§ Work required
Please write out the lines of the data exactly, beginning with the first and ending with the line containing "Paraformaldehyde-fixed, paraffin embedded"; leave the pictures behind.

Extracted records
+--

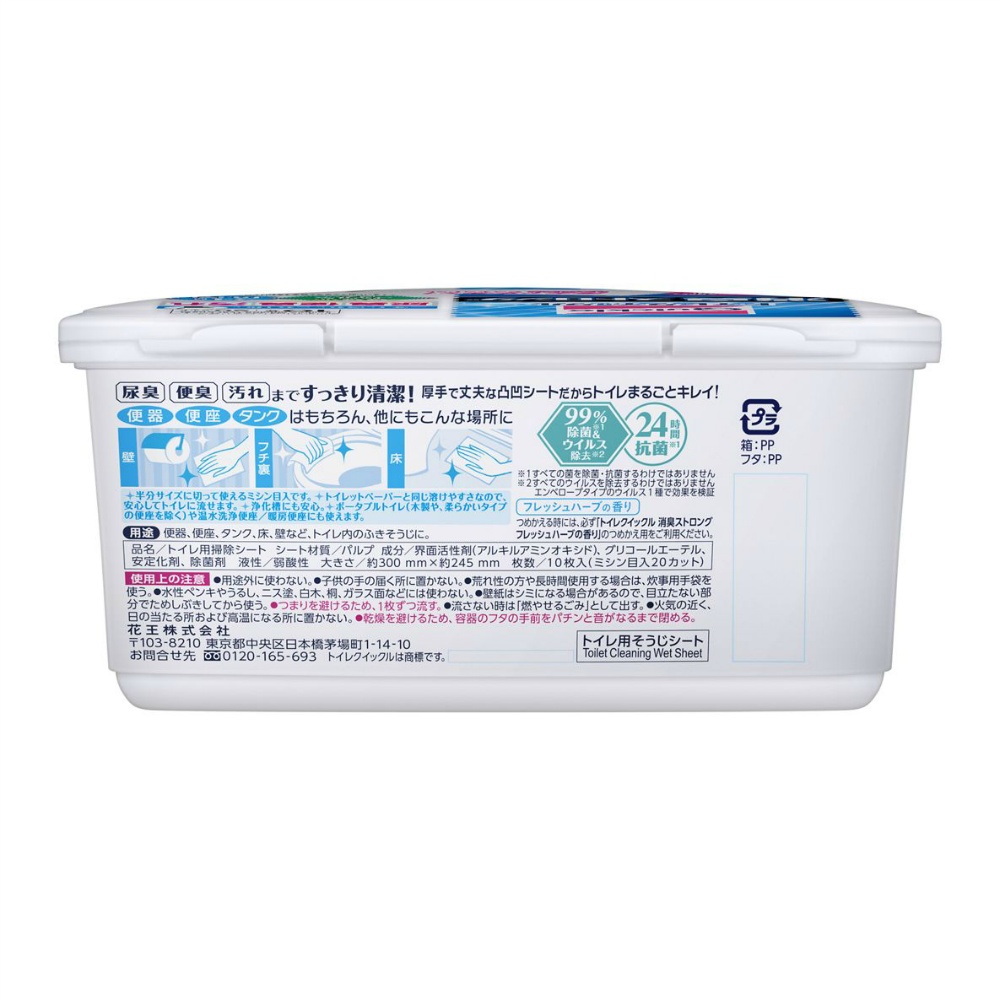 | 注意事項 | 使用上の注意\n●用途外に使わない。\n●子供の手の届く所に置かない。\n●荒れ性の方や長時間使用する場合は、炊事用手袋を使う。\n●水性ペンキやうるし、ニス塗、白木、桐、ガラス面などには使わない。\n●壁紙はシミになる場合があるので、目立たない部分でためしぶきしてから使う。\n●つまりを避けるため、1枚ずつ流す。\n●流さない時は「燃やせるごみ」として出す。\n●火気の近く、日の当たる所および高温になる所に置かない。\n●乾燥を避けるため、容器のフタの手前をパチンと音がなるまで閉める。 【使用方法用途など】尿臭 便臭 汚れまですっきり清潔!厚手で丈夫な凸凹シートだからトイレまるごとキレイ\n便器 便座 タンクはもちろん、他にもこんな場所に 壁/フチ裏/床\n\n半分サイズに切って使えるミシン目入です。 \nトイレットペーパーと同じ溶けやすさなので、\n安心してトイレに流せます。\n浄化槽にも安心。\nポータブルトイレ(木製や、柔らかいタイプの便座を除く)や温水洗浄便座/暖房便座にも使えます。 \n99%除菌※1&\nウイルス除去※2\n24時間抗菌※1\n※1すべての菌を除菌・抗菌するわけではありません\n※2すべてのウイルスを除去するわけではありません\nエンベロープタイプのウイルス1種で効果を検証\nフレッシュハーブの香り\nつめかえる時には、必ず「トイレクイックル 消臭ストロングフレッシュハーブの香り」 のつめかえ用をご利用ください。\n用途 便器、便座、タンク、床、壁など、トイレ内のふきそうじに。 【使用上の注意】使用上の注意\n●用途外に使わない。\n●子供の手の届く所に置かない。\n●荒れ性の方や長時間使用する場合は、炊事用手袋を使う。\n●水性ペンキやうるし、ニス塗、白木、桐、ガラス面などには使わない。\n●壁紙はシミになる場合があるので、目立たない部分でためしぶきしてから使う。\n●つまりを避けるため、1枚ずつ流す。\n●流さない時は「燃やせるごみ」として出す。\n●火気の近く、日の当たる所および高温になる所に置かない。\n●乾燥を避けるため、容器のフタの手前をパチンと音がなるまで閉める。 【保管保存方法】●子供の手の届く所に置かない。●認知症の方等の誤飲を防ぐため、置き場所に注意する。 |
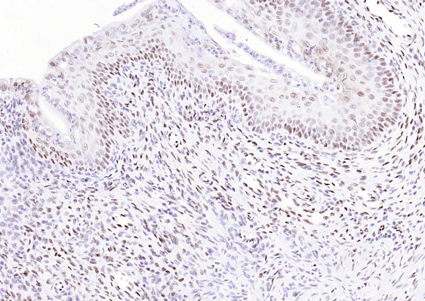 Paraformaldehyde-fixed, paraffin embedded (mouse uterus); Antigen retrieval by boiling in sodium citrate buffer (pH6.0) for 15min; Block endogenous peroxidase by 3% hydrogen peroxide for 20 minutes; Blocking buffer (normal goat serum) at 37°C for 30min; Antibody incubation with (phospho-ATF2 (Thr71)) Monoclonal Antibody, Unconjugated (bsm-52134R) at 1:200 overnight at 4°C, followed by operating according to SP Kit(Rabbit) (sp-0023) instructionsand DAB staining.
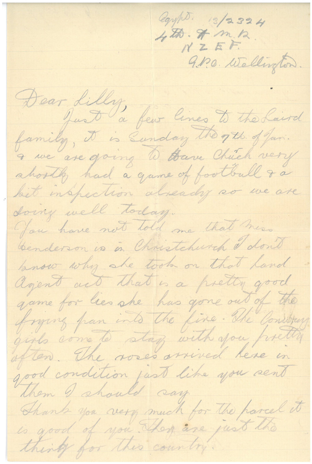 Goodacre, Eric Lucas, 1895-1968, Letter from Eric Lucas Goodacre to Lilly Laird (January 7, 1917). Pae Korokī, accessed 05/04/2026, https://paekoroki.tauranga.govt.nz/nodes/view/45769
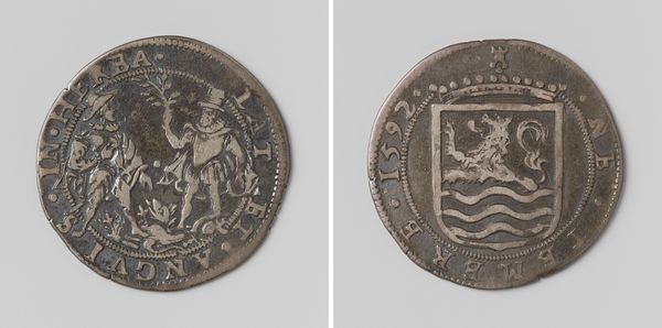 This silver medal, “Vergaan van de Spaanse armada”, was made anonymously in 1588. It commemorates the defeat of the Spanish Armada, a pivotal moment in European history. On one side, ships clash amidst turbulent waves, symbolizing the naval battle. The inscription "CLASSES. DISIECTA. ET. DVFLATA. 1588," translates to "The fleets scattered and sunk," underscoring the scale of the Spanish defeat. On the other side, the crowned arms of Zeeland rise from the sea. Consider this medal as more than just a historical marker; it embodies the collective sigh of relief and the surge of national pride felt by the Dutch. The medal served as a tangible expression of identity and resistance in a time of conflict. It offers insight into how societies remember, celebrate, and mythologize their victories, shaping national narratives for generations.
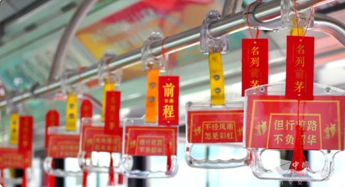 本次为考生加油而定制的“万试如意”高考主题巴士为车牌号“666”的车辆,以“红、黄”两色为主色调,设计鲤跃龙门车身,用红色寓意锦鲤加持考试开门红。车内拉环、扶手等布置了高考相关祝福装饰。
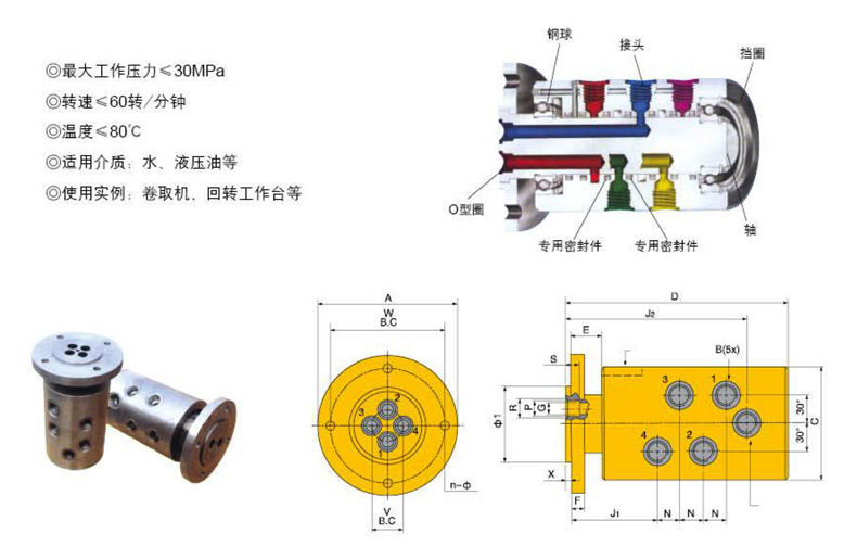 產(chǎn)品簡(jiǎn)介:最大工作壓力≤30MPa;轉(zhuǎn)速≤60轉(zhuǎn)/分鐘;溫度小于等于80℃;適用介質(zhì):水、液壓油等;使用實(shí)例:卷取機(jī)、回轉(zhuǎn)工作臺(tái)等。...

+--

§ Answer
 | 注意事項 | 使用上の注意\n●用途外に使わない。\n●子供の手の届く所に置かない。\n●荒れ性の方や長時間使用する場合は、炊事用手袋を使う。\n●水性ペンキやうるし、ニス塗、白木、桐、ガラス面などには使わない。\n●壁紙はシミになる場合があるので、目立たない部分でためしぶきしてから使う。\n●つまりを避けるため、1枚ずつ流す。\n●流さない時は「燃やせるごみ」として出す。\n●火気の近く、日の当たる所および高温になる所に置かない。\n●乾燥を避けるため、容器のフタの手前をパチンと音がなるまで閉める。 【使用方法用途など】尿臭 便臭 汚れまですっきり清潔!厚手で丈夫な凸凹シートだからトイレまるごとキレイ\n便器 便座 タンクはもちろん、他にもこんな場所に 壁/フチ裏/床\n\n半分サイズに切って使えるミシン目入です。 \nトイレットペーパーと同じ溶けやすさなので、\n安心してトイレに流せます。\n浄化槽にも安心。\nポータブルトイレ(木製や、柔らかいタイプの便座を除く)や温水洗浄便座/暖房便座にも使えます。 \n99%除菌※1&\nウイルス除去※2\n24時間抗菌※1\n※1すべての菌を除菌・抗菌するわけではありません\n※2すべてのウイルスを除去するわけではありません\nエンベロープタイプのウイルス1種で効果を検証\nフレッシュハーブの香り\nつめかえる時には、必ず「トイレクイックル 消臭ストロングフレッシュハーブの香り」 のつめかえ用をご利用ください。\n用途 便器、便座、タンク、床、壁など、トイレ内のふきそうじに。 【使用上の注意】使用上の注意\n●用途外に使わない。\n●子供の手の届く所に置かない。\n●荒れ性の方や長時間使用する場合は、炊事用手袋を使う。\n●水性ペンキやうるし、ニス塗、白木、桐、ガラス面などには使わない。\n●壁紙はシミになる場合があるので、目立たない部分でためしぶきしてから使う。\n●つまりを避けるため、1枚ずつ流す。\n●流さない時は「燃やせるごみ」として出す。\n●火気の近く、日の当たる所および高温になる所に置かない。\n●乾燥を避けるため、容器のフタの手前をパチンと音がなるまで閉める。 【保管保存方法】●子供の手の届く所に置かない。●認知症の方等の誤飲を防ぐため、置き場所に注意する。 |
 Paraformaldehyde-fixed, paraffin embedded (mouse uterus); Antigen retrieval by boiling in sodium citrate buffer (pH6.0) for 15min; Block endogenous peroxidase by 3% hydrogen peroxide for 20 minutes; Blocking buffer (normal goat serum) at 37°C for 30min; Antibody incubation with (phospho-ATF2 (Thr71)) Monoclonal Antibody, Unconjugated (bsm-52134R) at 1:200 overnight at 4°C, followed by operating according to SP Kit(Rabbit) (sp-0023) instructionsand DAB staining.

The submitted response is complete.